In a circumference there are $99$ natural numbers. If $a$ and $b$ are two consecutive numbers in the circle, then they must satisfies one of the following conditions: $a-b=1, a-b=2$ or $\frac{a}{b}=2$. Prove that, in the circle exists a number multiple of $3$.

Let $ABCD$ a trapezium with $AB$ parallel to $CD, \Omega$ the circumcircle of $ABCD$ and $A_1,B_1$ points on segments $AC$ and $BC$ respectively, such that $DA_1B_1C$ is a cyclic cuadrilateral. Let $A_2$ and $B_2$ the symmetric points of $A_1$ and $B_1$ with respect of the midpoint of $AC$ and $BC$, respectively. Prove that points $A, B, A_2, B_2$ are concyclic.

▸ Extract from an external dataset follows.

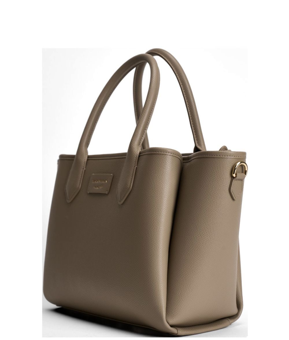taupe grained texture top handles gold-tone logo plaque tonal stitching rectangular shape Medium shopping bag
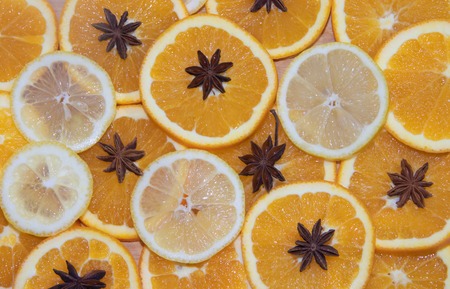 Slices of oranges arranged in a symmetrical pattern on a dark table, forming a striking food background

Let $n>1$ be an integer. Find all non-constant real polynomials $P(x)$ satisfying , for any real $x$ , the identy \[P(x)P(x^2)P(x^3)\cdots P(x^n)=P(x^{\frac{n(n+1)}{2}})\]

The diagonals of a convex quadrilateral $ABCD$ intersect in $E$. Let $S_1, S_2, S_3$ and $S_4$ the areas of the triangles $AEB, BEC, CED, DEA$ respectively. Prove that, if exists real numbers $w, x, y$ and $z$ such that $$S_1=x+y+xy, S_2=y+z+yz, S_3=w+z+wz, S_4=w+x+wx,$$ then $E$ is the midpoint of $AC$ or $E$ is the midpoint of $BD$.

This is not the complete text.